IPSWICH, a township of Essex county, Massachusetts, U.S.A., on both sides of the Ipswich river, about 27 m. N.N.E. of Boston. Pop. 1910 (Federal census), 5777. It is served by the Boston & Maine railroad. The surface is diversified by drumlins, vales, meadows, sand-dunes and tidal marshes. Ipswich has several manufacturing industries, including hosiery. The public library was the gift of Augustine Heard. Among the residences are several built in the 17th and 18th centuries. The oldest of these, the John Whipple House, is the home of the Ipswich Historical Society (1890), which has gathered here a collection of antiques and issues publications of antiquarian interest. In the Ipswich Female Seminary, which no longer exists, Mary Lyon taught from 1828 to 1834 and here planned Mount Holyoke Seminary; Professor J. P. Cowles and his wife conducted a famous school for girls in the building for many years. Facing the South Common were the homes of Rev. Nathaniel Ward (1578-1652), principal author of the Massachusetts "Body of Liberties" (1641); the first code of laws in New England, and author of The Simple Cobler of Aggawam in America, Willing to help mend his Native Country, lamentably tattered, both in the upper-Leather and the Sole (1647), published under the pseudonym, "Theodore de la Guard," one of the most curious and interesting books of the colonial period; of Richard Saltonstall (1610-1694), who wrote against the life tenure of magistrates, and although himself an Assistant espoused the more liberal principles of the Deputies; and of Ezekiel Cheever (1614-1708), a famous schoolmaster, who had charge of the grammar school in 1650-1660. In the vicinity was the house of the Rev. William Hubbard (1621-1704), author of a Narrative of the Troubles with the Indians in New England (Boston, 1677) and a general History of New England, published by the Massachusetts Historical Society in 1815.

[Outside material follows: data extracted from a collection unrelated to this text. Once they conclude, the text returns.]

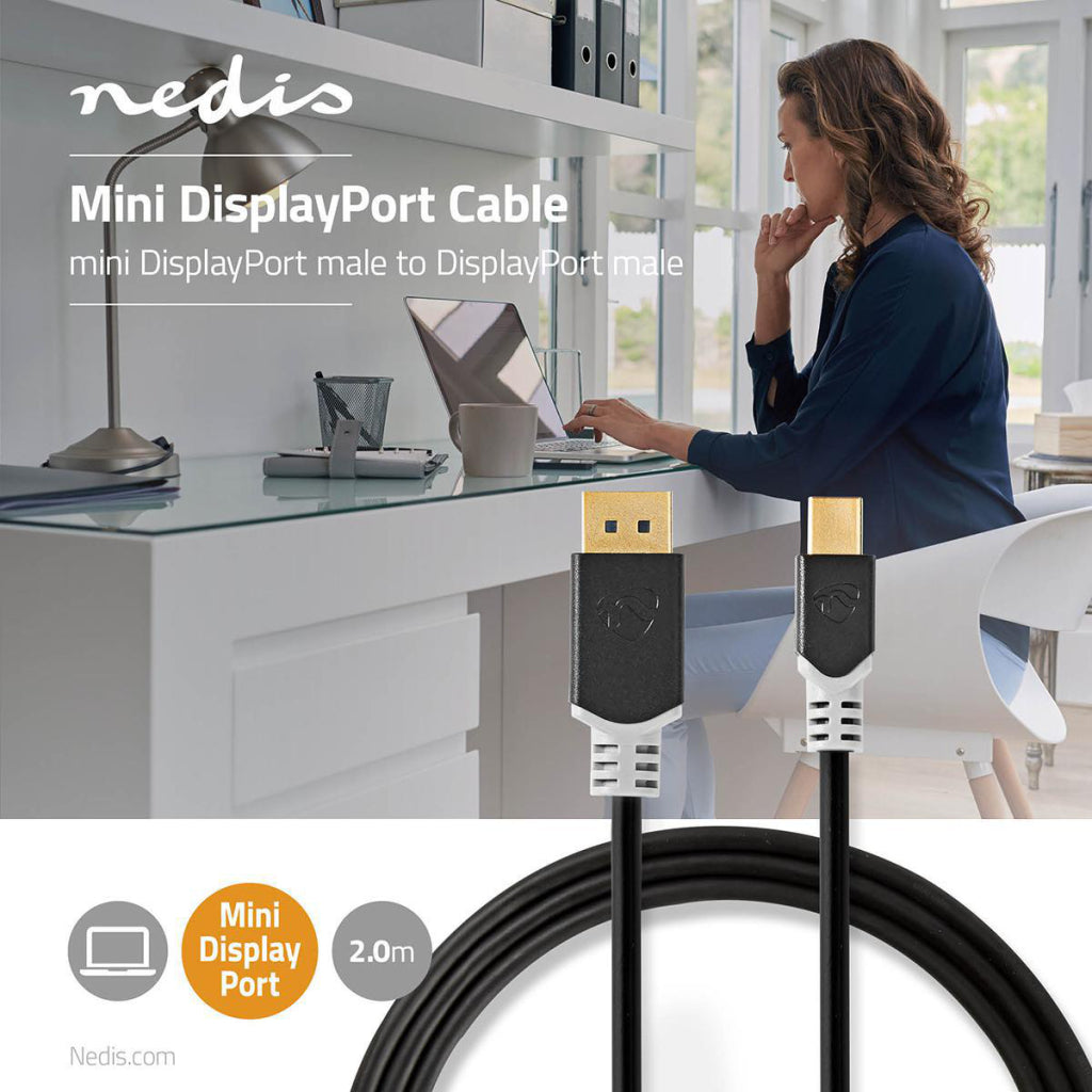 Sluit je MacBook, iMac, Intel en PowerBook12” DisplayPort-modellen aan met deze Nedis® mini-DisplayPort-naar-DisplayPort-kabel.
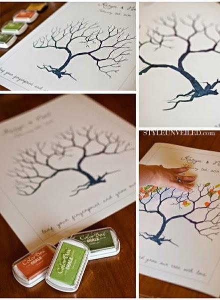 Por último, os traemos una idea para que el recuerdo de todos los invitados a la boda perdure en el tiempo. Tan sólo tienes que poner una lámina con un dibujo con un árbol (u otra imagen que te guste) y poner unas cajitas de tinta para que los invitados puedan plasmar su huella como si de una hoja se tratase. En Mi boda DIY encontramos dos divertidas láminas para descargar, ¿a qué esperas?
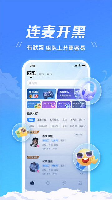 有默契,上分更容易,快速组局,集结开黑小队,个性游戏卡片,精准匹配游戏房间有默契队友助攻,上分更轻松。
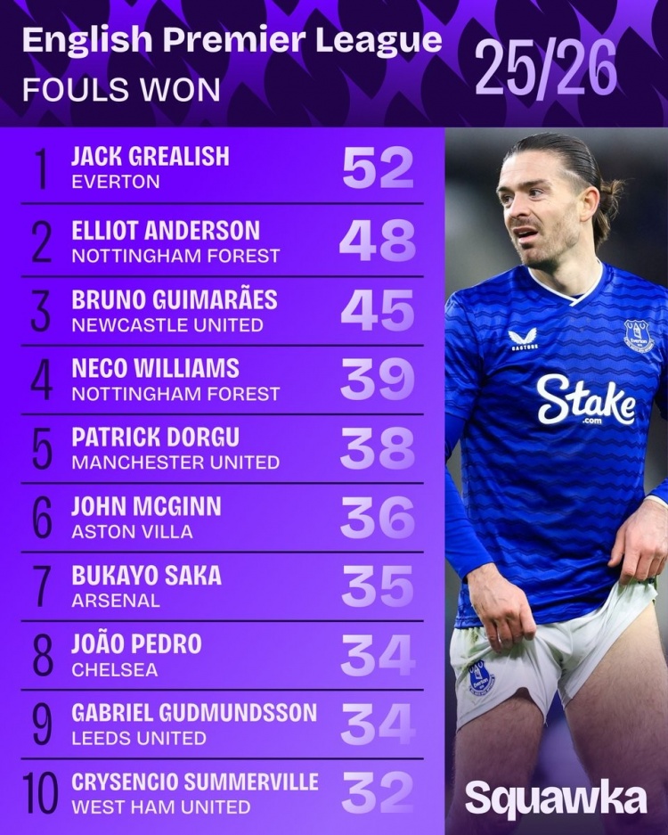 直播吧1月10日讯数据机构squawka统计了本赛季英超的造犯规情况,格拉利什居首。
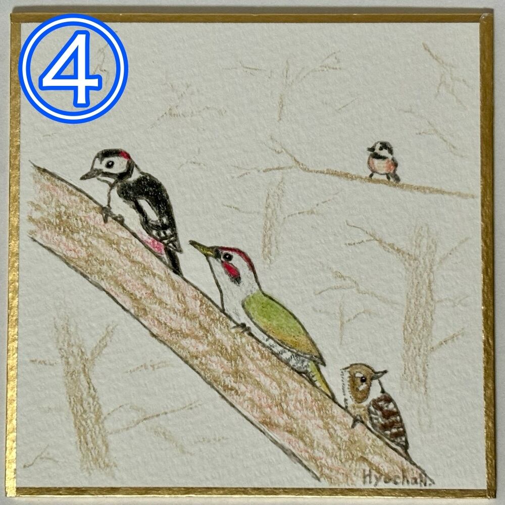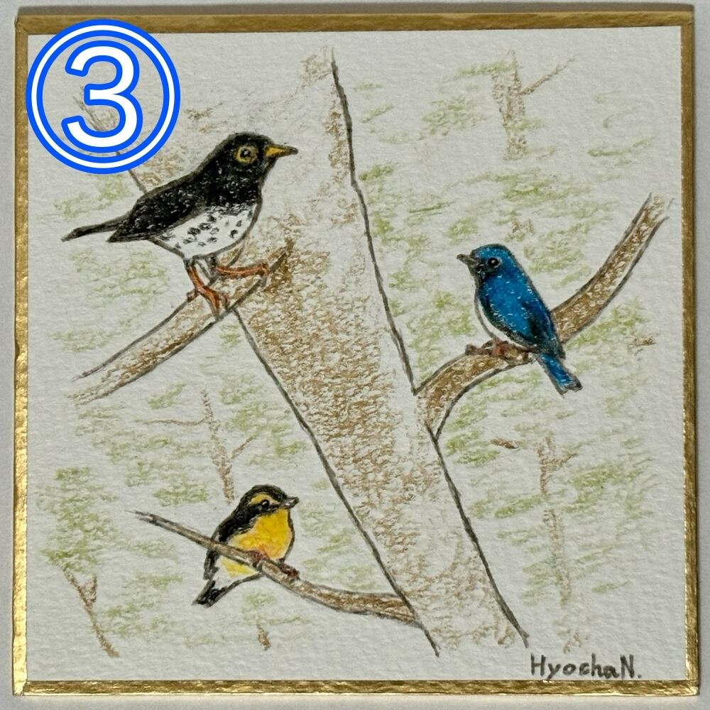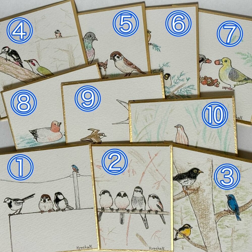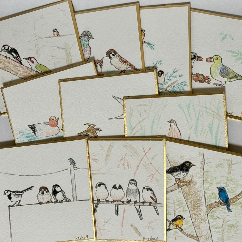 バードウォッチングをしていてよく一緒に見かける鳥達や、好みが似ている鳥達を合わせて描いてみました。

The town was founded under the name of Aggawam in 1633 by John Winthrop, jun., and twelve others, with a view to preventing the French from occupying the N. part of Massachusetts, and in the next year it was incorporated under its present name. In wealth and influence during the early colonial period it was little inferior to Boston, whose policies it not infrequently opposed. When Governor Andros and his Council in 1687 issued an order for levying a tax, a special town meeting of Ipswich promptly voted "that the s'd act doth infringe their Liberty as Free borne English subjects of His Majestic by interfearing with ye statutory Laws of the Land, By which it is enacted that no taxes shall be levied on ye Subjects without consent of an assembly chosen by ye Freeholders for assessing the same," and refused to assess the tax. For this offence six leaders, headed by the Rev. John Wise, minister of the Chebacco Parish (now Essex), were prosecuted, found guilty, imprisoned for three weeks to await sentence and then disqualified for office; they were also fined from £15 to L50 each, and were required to give security for their good behaviour. In Ipswich were originally included the present townships of Hamilton (1793) and Essex (1819).
See T. F. Waters, Ipswich in the Massachusetts Bay Colony 16 331700 (Ipswich, 1905), and the publications of the Ipswich Historical Society.